Touch Sight: A Camera For the Blind

Touch Sight: A Camera For the Blind
Arts & Culture
Dan Gould
  • 13 august 2008

This is one of the most interesting and amazing inventions we’ve seen in a while. The Touch Sight ‘camera’ is a way for blind people to capture memories of a moment. Instead of grabbing an image, the Touch Sight records sound for three seconds after pressing the shutter button. A malleable 3D braille display also renders an embossed image so users can feel the photo. These sense-photos can be saved on the camera for playback and can be downloaded by other Touch Sight devices.
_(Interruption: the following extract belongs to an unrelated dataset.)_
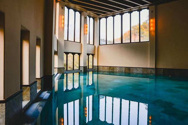 沐浴着从高处屋顶之间洒下来的光,走进恒温泳池,在面向景观的平台上休息,逐渐对这个酒店开始迷恋。
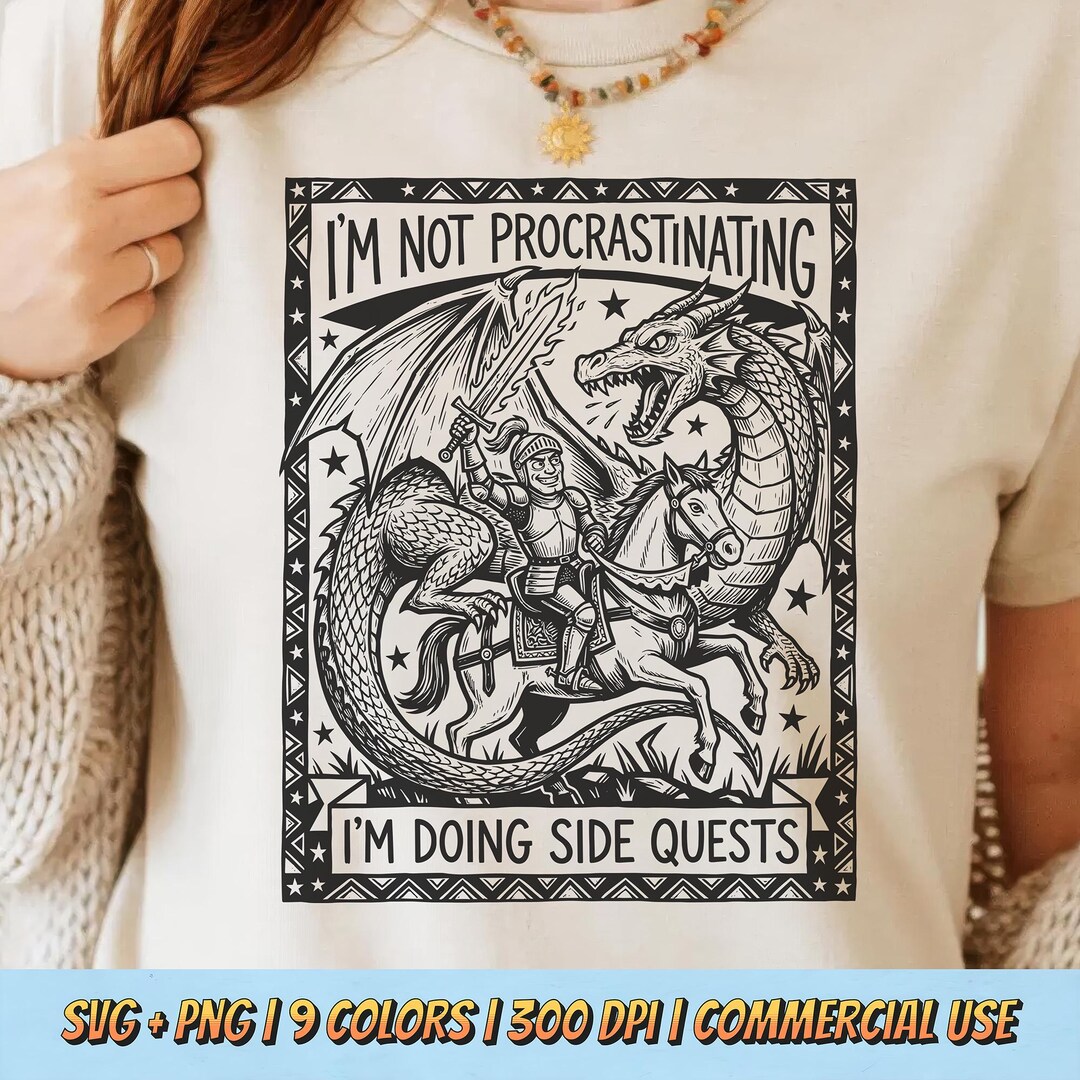 I'm Not Procrastinating PNG SVG - Funny Knight Dragon Quote Digital ...

Yanko Design explores some of the research behind the camera:

One interesting aspect discovered by Chueh in his research is that holding the camera to the forehead is the optimal position for this device. He discovered that “at the Beit Ha’iver (Center for the Blind) in Herzliya, Israel, the instructor who teaches a photography course for the visually impaired discovered that holding the camera to the forehead, like a third eye, is the best way for them to stabilize and aim the camera. The instructor also found the visually impaired have no problems estimating distances, since their sense of hearing is especially sharp. Every rustle of wind in the trees catches their attention and can be used to judge distances. Other senses come into play as well. The heat of the sun or a lamp in a living room, for example, signals a direct source of light. They regularly use their non-visual senses to feel the world and manifest it into a mental photograph.”